EXERCISE OBJECTIVE -
When the line containing "Quần jeans có" is found in the data below, give it again along with every later line, exactly; drop the pictures.

*** THE DATA ***

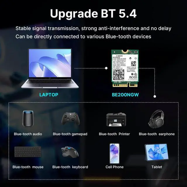 BE200NGW M.2 wifi card with Bluetooth 5.4 – Enhanced Wireless Peripherals
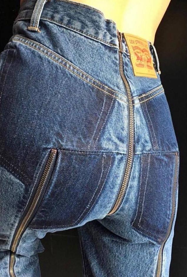 Quần jeans có khóa kéo phía trước không còn lạ lẫm. Thiết kế quần sáng tạo của nhà mốt Vetements cho thêm khóa kéo phía sau, chính xác là ngay khu vực... bàn tọa.
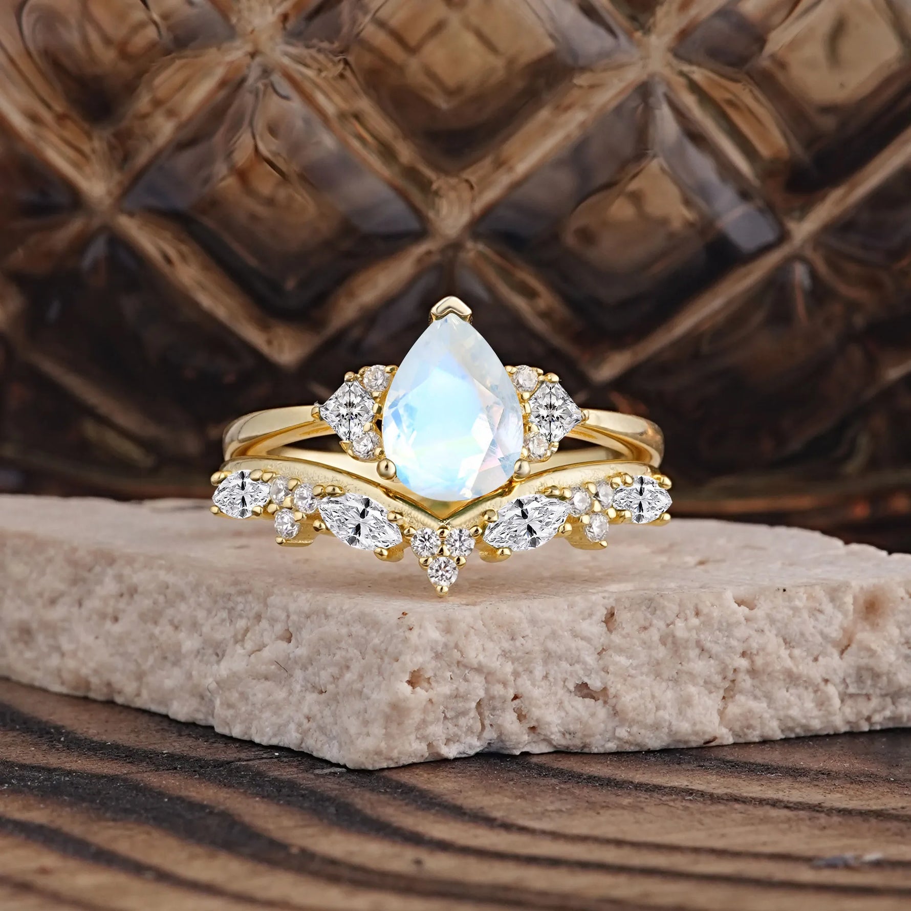 Luxury 3-Prong Pear-Cut Moonstone Engagement Ring Set
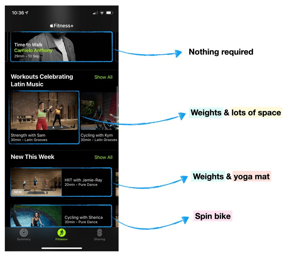 This is essentially what happens with Apple Fitness+ — they show you workouts on the homepage, despite many (if not most) being unsuitable for you, and then don’t provide any obvious means to filter the options.

*** End of THE DATA ***

REPLY -
 Quần jeans có khóa kéo phía trước không còn lạ lẫm. Thiết kế quần sáng tạo của nhà mốt Vetements cho thêm khóa kéo phía sau, chính xác là ngay khu vực... bàn tọa.
 Luxury 3-Prong Pear-Cut Moonstone Engagement Ring Set
 This is essentially what happens with Apple Fitness+ — they show you workouts on the homepage, despite many (if not most) being unsuitable for you, and then don’t provide any obvious means to filter the options.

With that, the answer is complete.